After going through the data, give the number of lines that contain the word "County" as your sole answer.

■ **Data to process**
——————————
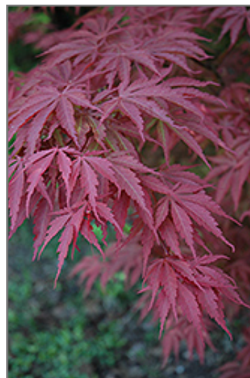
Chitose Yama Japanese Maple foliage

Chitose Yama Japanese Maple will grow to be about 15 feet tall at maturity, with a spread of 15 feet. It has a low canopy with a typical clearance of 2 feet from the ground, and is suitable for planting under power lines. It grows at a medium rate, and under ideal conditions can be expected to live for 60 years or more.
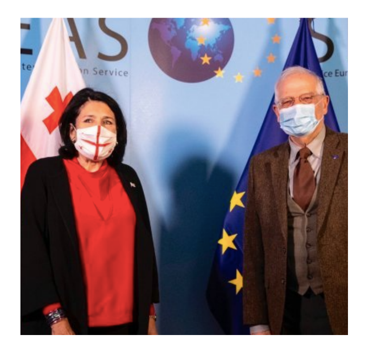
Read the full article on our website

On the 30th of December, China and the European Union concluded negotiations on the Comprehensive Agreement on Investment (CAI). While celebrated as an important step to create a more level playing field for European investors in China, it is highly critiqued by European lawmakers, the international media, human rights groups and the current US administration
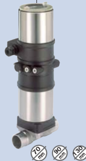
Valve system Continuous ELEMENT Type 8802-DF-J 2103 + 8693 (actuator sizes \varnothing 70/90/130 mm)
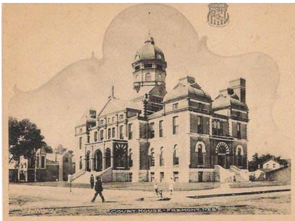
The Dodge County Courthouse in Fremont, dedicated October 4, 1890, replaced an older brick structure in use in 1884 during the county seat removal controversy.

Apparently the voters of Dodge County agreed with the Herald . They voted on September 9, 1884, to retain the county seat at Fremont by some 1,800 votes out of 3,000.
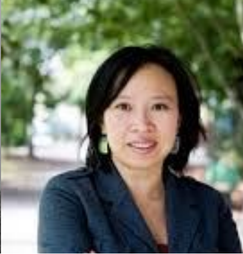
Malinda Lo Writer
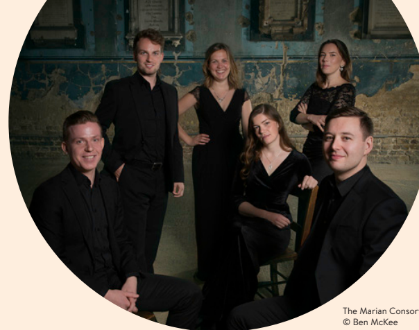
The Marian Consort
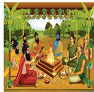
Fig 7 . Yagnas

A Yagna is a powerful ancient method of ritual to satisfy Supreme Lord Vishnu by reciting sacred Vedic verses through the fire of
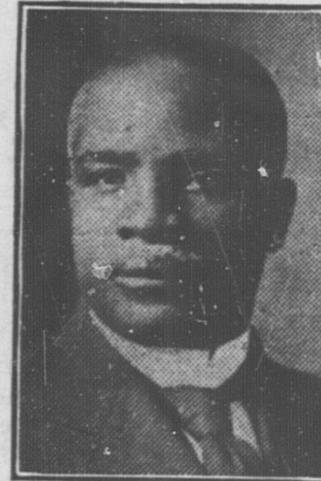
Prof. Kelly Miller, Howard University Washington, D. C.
——————————
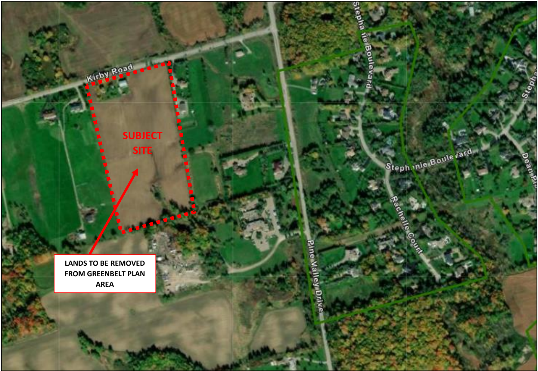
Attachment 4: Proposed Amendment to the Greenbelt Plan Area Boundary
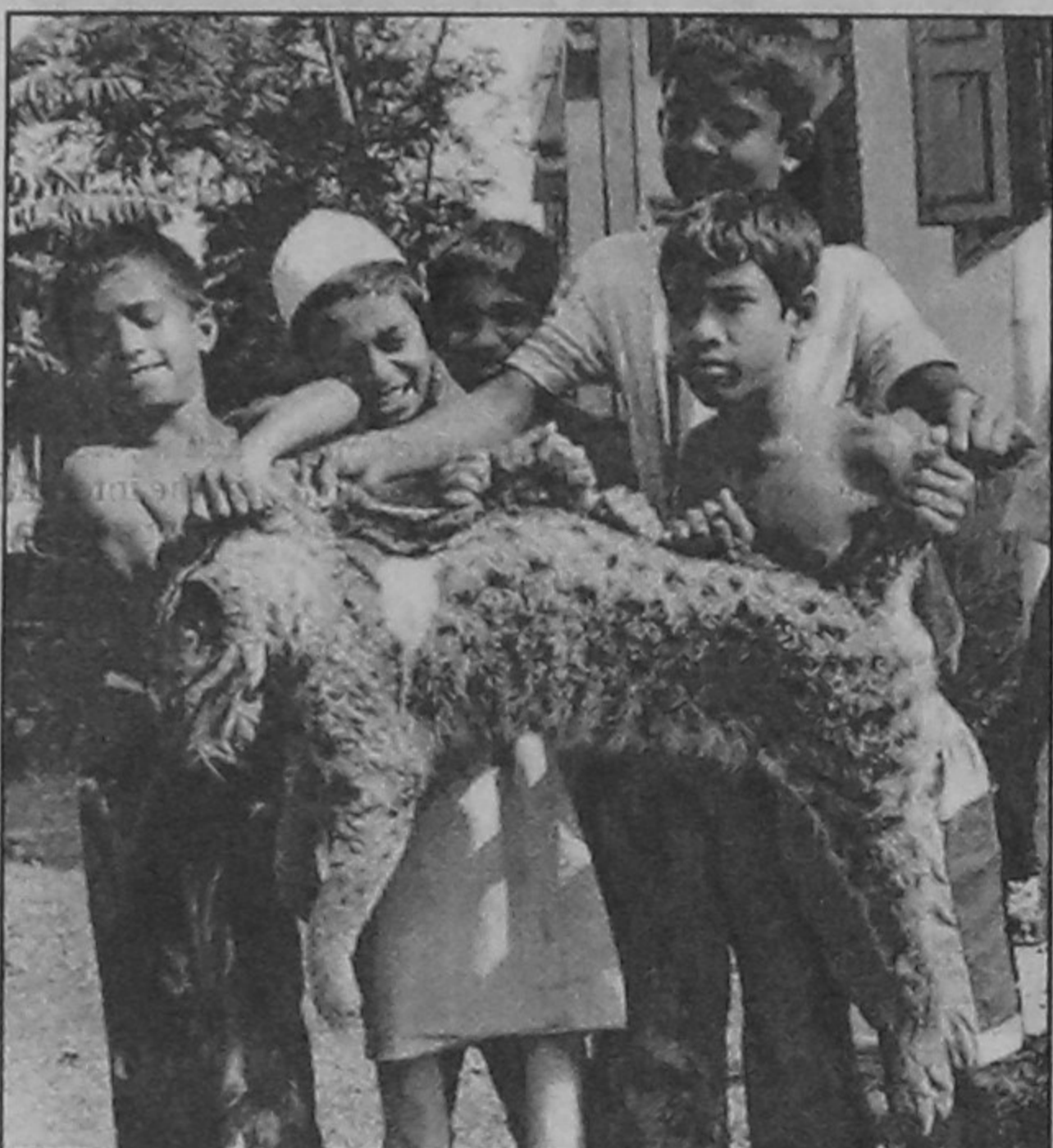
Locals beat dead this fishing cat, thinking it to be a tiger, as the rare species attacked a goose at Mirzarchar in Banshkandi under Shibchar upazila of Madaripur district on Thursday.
——————————
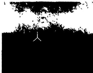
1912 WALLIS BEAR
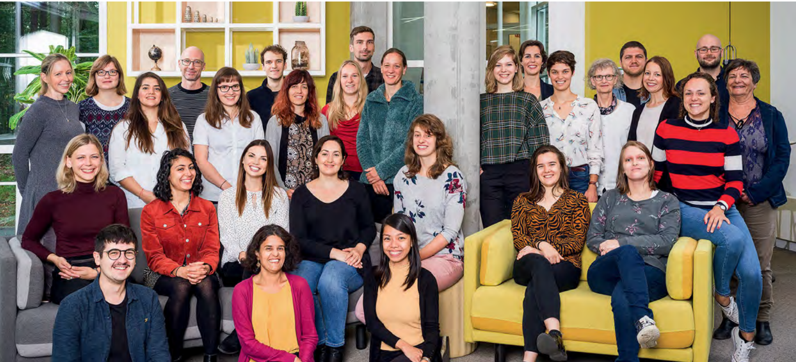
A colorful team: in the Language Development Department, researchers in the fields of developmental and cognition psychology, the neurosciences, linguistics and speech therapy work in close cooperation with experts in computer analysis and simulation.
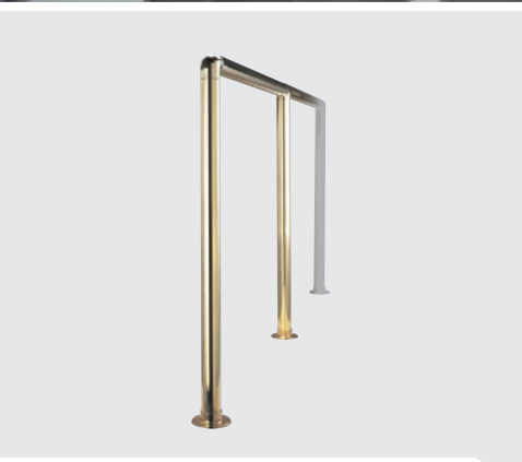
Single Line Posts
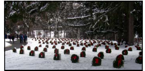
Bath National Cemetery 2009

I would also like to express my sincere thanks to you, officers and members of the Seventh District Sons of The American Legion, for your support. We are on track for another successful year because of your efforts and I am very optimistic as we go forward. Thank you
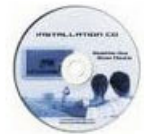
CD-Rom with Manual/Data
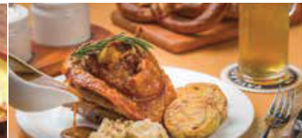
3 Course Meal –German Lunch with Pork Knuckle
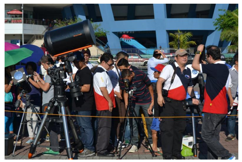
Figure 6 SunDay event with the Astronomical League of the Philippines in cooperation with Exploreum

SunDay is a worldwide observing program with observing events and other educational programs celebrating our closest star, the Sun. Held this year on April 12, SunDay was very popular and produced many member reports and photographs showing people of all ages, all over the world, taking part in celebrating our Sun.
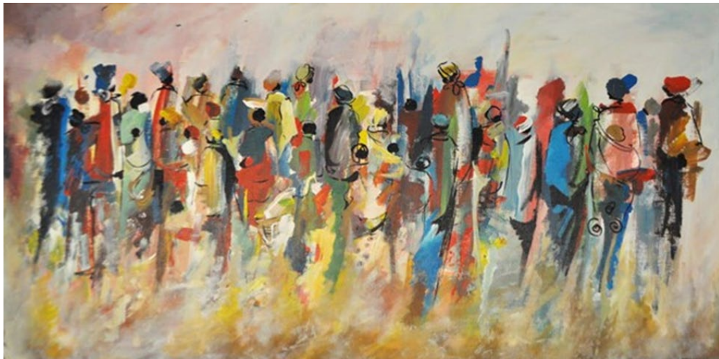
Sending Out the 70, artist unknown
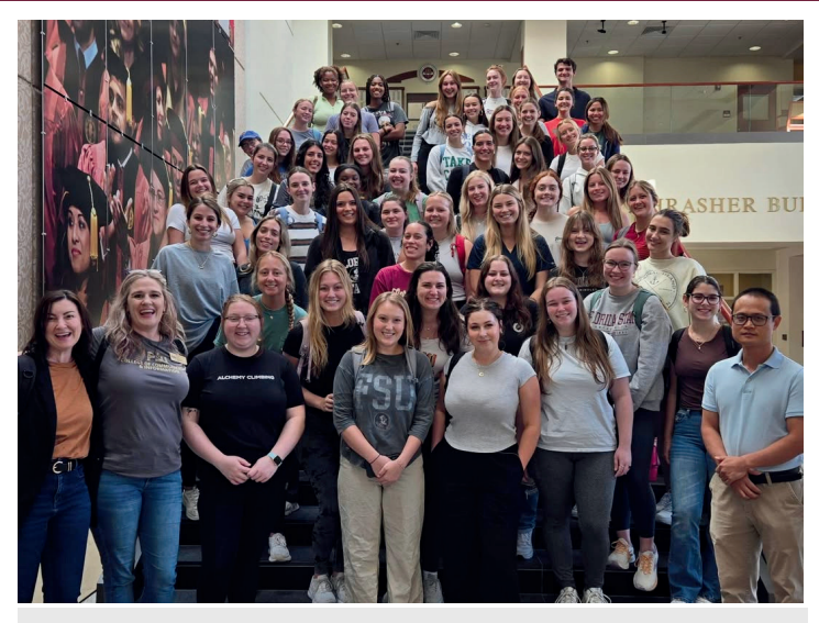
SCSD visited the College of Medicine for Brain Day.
——————————
■ **Answer to the problem**
2